** Opening TASK INPUTS block **
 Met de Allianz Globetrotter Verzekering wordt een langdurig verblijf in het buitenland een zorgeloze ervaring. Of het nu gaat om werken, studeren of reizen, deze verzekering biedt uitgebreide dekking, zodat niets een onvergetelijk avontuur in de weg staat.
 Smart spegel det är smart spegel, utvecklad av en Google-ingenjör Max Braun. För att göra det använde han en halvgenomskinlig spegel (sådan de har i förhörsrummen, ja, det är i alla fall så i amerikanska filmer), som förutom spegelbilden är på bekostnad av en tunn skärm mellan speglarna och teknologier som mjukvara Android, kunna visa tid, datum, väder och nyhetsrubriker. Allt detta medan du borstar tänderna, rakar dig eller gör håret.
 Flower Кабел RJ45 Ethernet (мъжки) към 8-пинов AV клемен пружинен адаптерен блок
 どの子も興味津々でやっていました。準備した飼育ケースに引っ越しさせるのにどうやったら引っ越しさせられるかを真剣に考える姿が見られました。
** Closing TASK INPUTS block **
** Opening TASK INPUTS block **
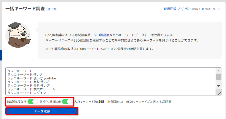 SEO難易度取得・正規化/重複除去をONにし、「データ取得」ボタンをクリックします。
** Closing TASK INPUTS block **
Lines wanted from the listing above: the line with "Met de Allianz" up to and including the line with "Smart spegel det". Please write them out exactly, adding nothing else.

→ EXERCISE RESPONSE:
 Met de Allianz Globetrotter Verzekering wordt een langdurig verblijf in het buitenland een zorgeloze ervaring. Of het nu gaat om werken, studeren of reizen, deze verzekering biedt uitgebreide dekking, zodat niets een onvergetelijk avontuur in de weg staat.
 Smart spegel det är smart spegel, utvecklad av en Google-ingenjör Max Braun. För att göra det använde han en halvgenomskinlig spegel (sådan de har i förhörsrummen, ja, det är i alla fall så i amerikanska filmer), som förutom spegelbilden är på bekostnad av en tunn skärm mellan speglarna och teknologier som mjukvara Android, kunna visa tid, datum, väder och nyhetsrubriker. Allt detta medan du borstar tänderna, rakar dig eller gör håret.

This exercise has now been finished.